The letter, published in the BMJ, reads: "It is undisputed that lateral flow tests (LFDs) cannot detect the lower levels of virus among individuals in early infection. There is a high chance that infected contacts in a classroom may be infectious before they are detected as positive by a LFD test."

The scientists said they were also concerned that the US Food and Drug Administration (FDA) had recently banned the Innova lateral flow test currently being used in schools, citing risk to health and "further spread of the virus". The FDA also said Innova had not provided evidence for efficacy of the tests.

On Thursday, the Medicines and Healthcare products Regulatory Agency (MHRA) said it had reassessed the Innova test following the FDA ban and had extended approval until August this year.

Graeme Tunbridge, the MHRA Director of Devices, said: "We have now concluded our review of the risk assessment and are satisfied that no further action is necessary or advisable at this time."

However, the Royal Statistical Society (RSS) warned that the regulator's assessment of test safety needed to extend beyond physical safety to the consequences of false positives and false negatives for those tested, saying in a report: "The full range of consequences, from liberalised behaviour to deprivation of liberty, should be considered."

Analysis by The Telegraph shows that lateral flow tests are giving large numbers of false positives, leading to needless disruption in classrooms and beyond.

Around 19,000 infections were picked up by lateral flow devices in secondary school pupils between March and June – but despite new guidelines saying cases must be confirmed with a PCR test, only half were actually checked.

Of the 9,546 checked, nearly one third came back negative – meaning almost 3,000 tests had to be removed from the daily reported figures. In June alone, more than 2,000 positive tests were quietly erased from the daily government dashboard, primarily because of problems with lateral flow testing.

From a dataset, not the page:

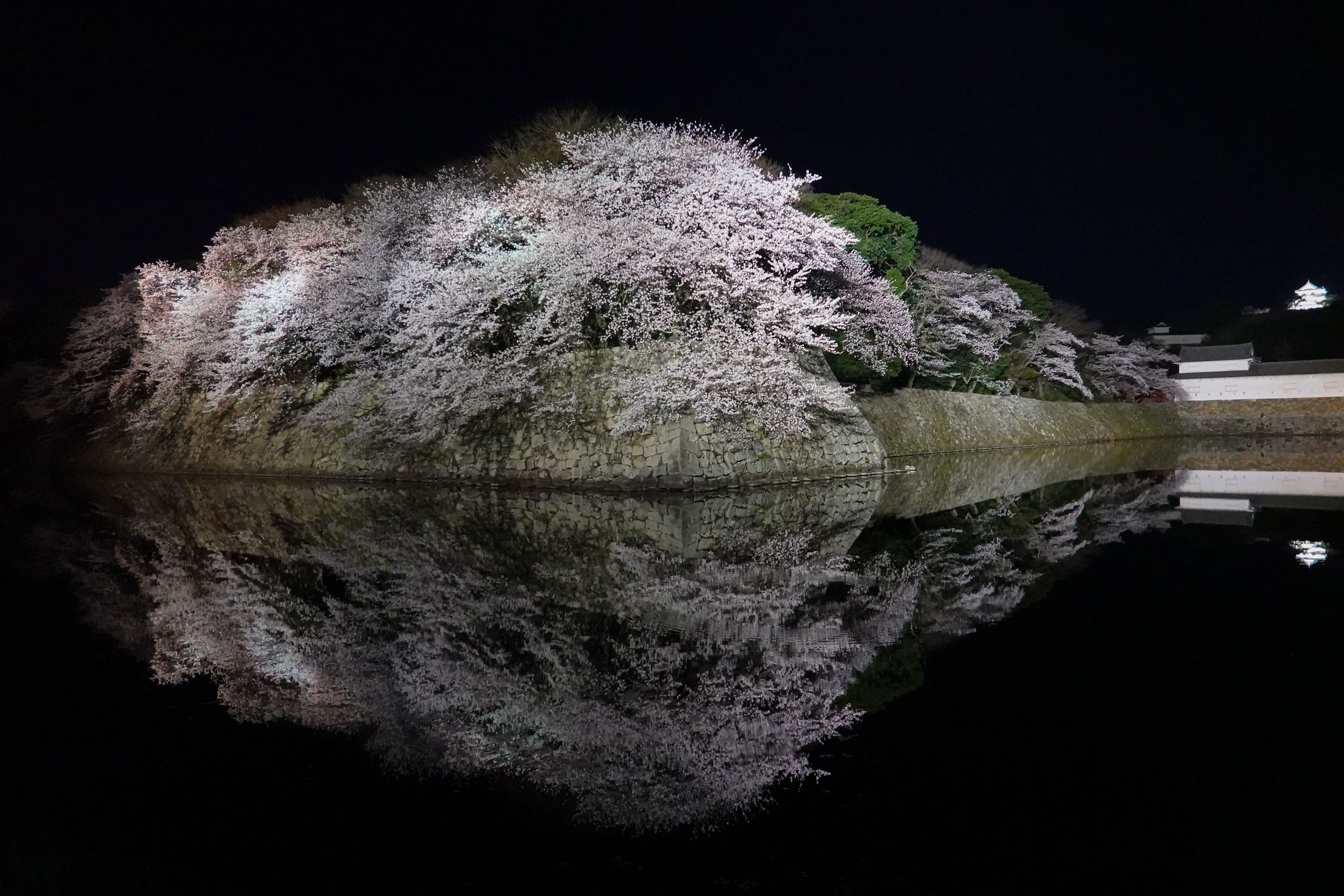 彦根城お堀の桜 ライトアップ中

The percentage of tests coming back negative in secondary schools reached 60 per cent in the week of March 4 to March 10, when 379 of the 624 positive tests were found to be wrong. It has since fallen to around one third.

If the negative rate holds true for the 9,500 unchecked tests, it suggests thousands more should be removed from the daily figures.

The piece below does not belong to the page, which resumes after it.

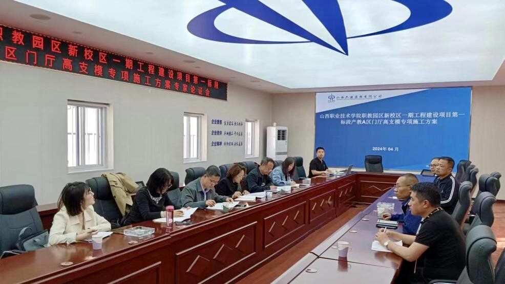 (三)专家论证会。两个月内,新校区建设办公室同施工单位先后组织了《水泵房及学生浴室深基坑工程支护设计和施工专项方案专家论证会》、《产教A区门厅高支模专项施工方案专家论证会》、等技术会议,深入科学论证施工建设方案,严格把控实施过程,力求严谨务实的工作态度,确保安全规范的执行。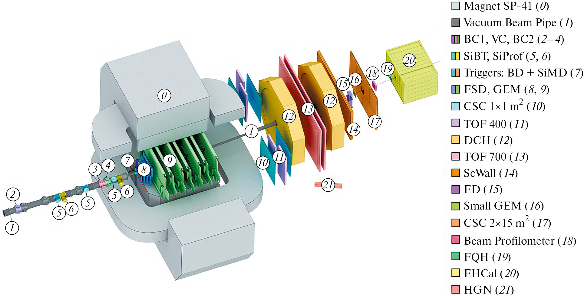 Идентификация частиц осуществляется путем измерения времени пролета с помощью времяпролетных детекторов TOF-400 и TOF-700, размещенных на расстоянии 4 м и 7 м от мишени соответственно. Они состоят из многозазорных резистивных плоских камер (МRPC) со стриповым считыванием и обеспечивают временное разрешение 80 пс для TOF-400 и 115 пс для TOF-700. Эти детекторные системы позволяют идентифицировать адроны (π, K, p), а также легкие ядра с импульсом до нескольких ГэВ/с, образующиеся при столкновениях ядер с мишенью. Трековая система состоит из трех плоскостей двухкоординатных кремниевых детекторов (STS), семи трековых станций на основе трехзазорных камер газового электронного умножения (GEM), установленных в магните, и двух катодно-дрейфовых камер (CDC), расположенных за магнитом. Система STS + GEM позволяет измерять импульсы заряженных частиц с относительной ошибкой от 2.5% для импульса 0.5 ГэВ/с до 4.5% для импульса 3.5 ГэВ/с. Эта система также обеспечивает измерения множественности рождающихся заряженных частиц, которую можно использовать в качестве дополнительной оценки центральности столкновения. Для измерения центральности и ориентации плоскости реакции при ядерно-ядерном столкновении используется передний адронный калориметр (FHCal) вместе с передним кварцевым годоскопом (FQH) и многоканальной сцинтилляционной стенкой (ScWall), последняя также используется для измерения заряженных фрагментов-спектаторов. Также установка содержит пучковые и триггерные детекторы, показанные на рис. 2.

Experts warned that false positives not only caused disruption in schools but also made tracking the pandemic much harder.

Prof Carl Heneghan, the director of the Centre for Evidence Based Medicine at the University of Oxford, said: "What concerns me here is the idea that we are picking up such high numbers of false positives with lateral flow. And there seems to be a growing strategy of just using lateral flow for testing.

"It means we are getting a problem of inaccurate data. In evidence-based medicine we call this a problem of noise, and it's difficult to see what is really going on amid this noise. At this point I would be ignoring lateral flow testing and be focusing on PCR positivity to get a true picture of the pandemic, and that shows cases are only going up in small incremental measures."

A spokesman for the Department for Education said daily contact testing as a replacement for self-isolation would be reviewed at the end of June. The Department of Health was contacted for comment.